À Montpellier, les fachos sont de sortie... sous l’œil bienveillant de la police

Monsieur le préfet de l'Hérault ne peut guère se réclamer du mot « liberté », lui qui nous interdit de manifester publiquement nos opinions1. On n'irait pas non plus le ranger dans la catégorie « fraternité », lui qui a laissé sa police se déchaîner de manière fort peu fraternelle contre les manifestantEs le 16 mai à Montpellier. Il aurait sans doute aimé pouvoir être pris pour un défenseur de l'« égalité », puisqu'il avait pris soin d'interdire la manifestation d’extrême droite organisée dimanche par la Ligue du Midi à Montpellier, comme il avait interdit celle de la veille organisée dans la lignée des mobilisations Gilets jaunes et retraites.

Mais voilà. Chassez le naturel… 

« Une étonnante tolérance de la part des policiers »

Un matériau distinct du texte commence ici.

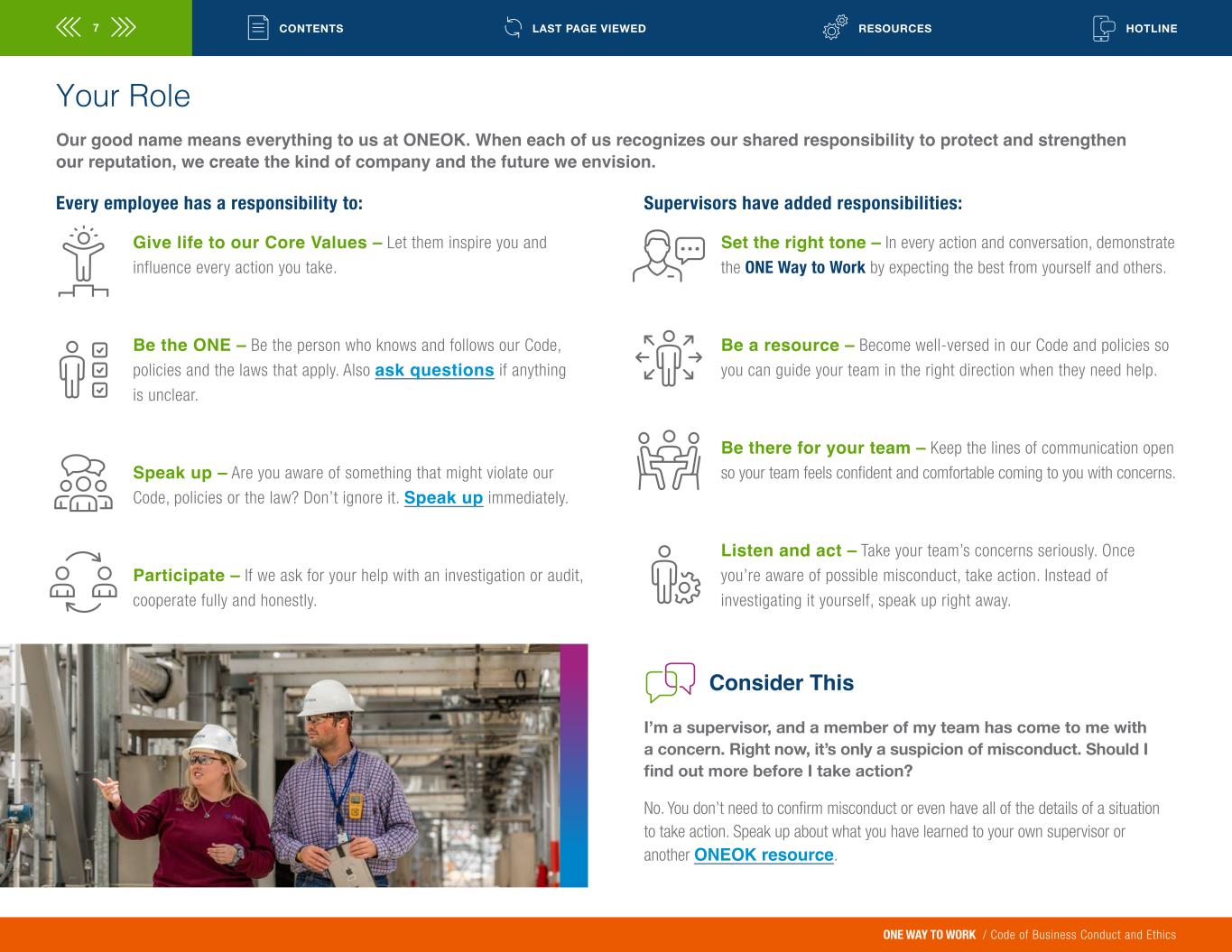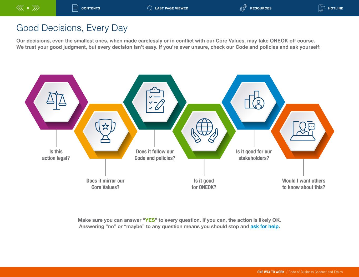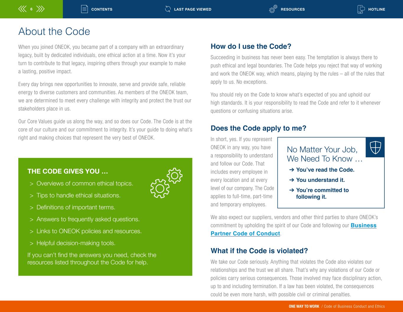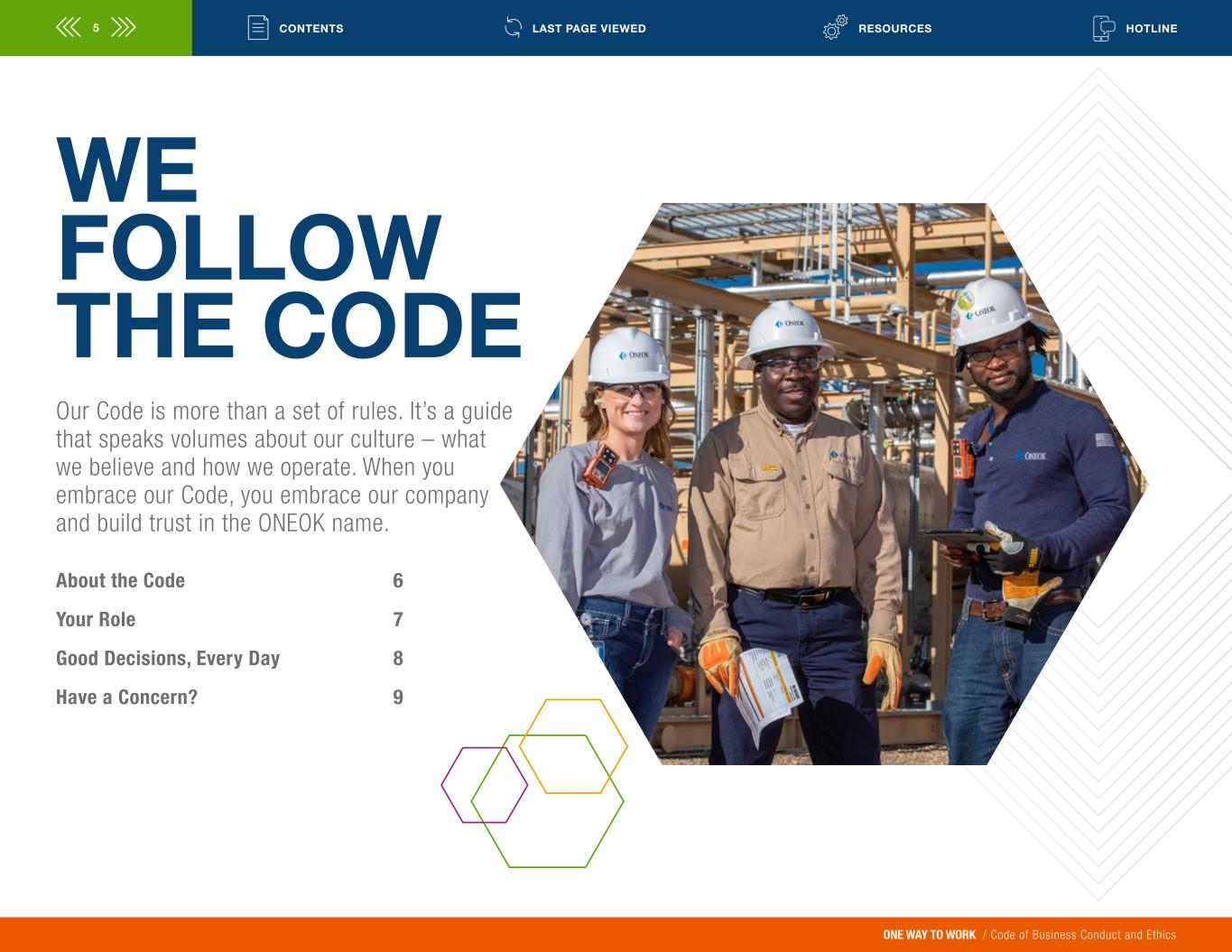 Our Code is more than a set of rules. It’s a guide that speaks volumes about our culture – what we believe and how we operate. When you embrace our Code, you embrace our company and build trust in the ONEOK name. About the Code 6 Your Role 7 Good Decisions, Every Day 8 Have a Concern? 9 WE FOLLOW THE CODE 5 ONE WAY TO WORK / Code of Business Conduct and Ethics CONTENTS RESOURCES HOTLINELAST PAGE VIEWED

C’est France Bleu qui raconte : « La police a-t-elle laissé faire les militants de la Ligue du Midi dimanche 17 mai à Montpellier ? Manifestation pourtant interdite par le préfet. Le rassemblement a bel et bien eu lieu, sous les yeux des forces de l'ordre, et alors que la journaliste Ysis Percq a été empêchée de faire son métier.
La polémique enfle sur l’encadrement policier des deux manifestations interdites le week-end dernier à Montpellier. Samedi 16 mai, une centaine de gilets jaunes ont bravé l’interdiction pour se rassembler sur la Comédie entourés par un très important dispositif policier. Bilan : 25 verbalisations et sept personnes interpellées.
Le lendemain, dimanche c’est la Ligue du Midi qui avait prévu de rendre un hommage à Jeanne d’Arc devant sa statue. Rassemblement d’extrême droite au cours duquel la journaliste de l’AFP Ysis Percq (également chroniqueuse éco sur France Bleu Hérault) a été intimidée et volée. La manifestation a bien eu lieu et elle a bénéficié d’une étonnante tolérance de la part des policiers présents. »2

« À douze contre un, une bagarre a éclaté »

Non contents d'avoir agressé et menacé une journaliste, lui avoir volé son portable, les nervis de ce groupuscule fascisant ont aussi voulu s'en prendre à un journaliste militant du journal le Poing. Voici ce que raconte ce dernier :

« Le dimanche 17 mai 2020, en début d’après-midi dans le centre-ville de Montpellier, je flânais seul dans la rue, sans même savoir que l’ "hommage à Jeanne d’Arc" allait finalement se tenir, et j’ai entendu une bande d’une douzaine de personnes crier "Panetier". Sans les connaître, j’ai compris à leur accoutrement qu’il s’agissait de militants d’extrême droite. À douze contre un, une bagarre a éclaté. Pour des raisons que j’ignore, ils ont pris la fuite. Quelques minutes plus tard, ils ont brisé la porte vitrée du local associatif du Barricade. Je ne souffre d’aucune blessure sérieuse. »3

L'attitude bienveillante des forces de l'ordre à l'égard de cette extrême droite violente et agressive n'est certes pas une nouveauté. Mise en parallèle avec la répression contre les mouvements sociaux, elle met en évidence la peur qu'éprouve le pouvoir face à nos mobilisations. 

Finalement, les « défenseurs de la république » qui nous gouvernent ne voient pas d'un mauvais œil l'existence de ce genre de groupes à l'idéologie réactionnaire, nationaliste, raciste, sexiste et homophobe.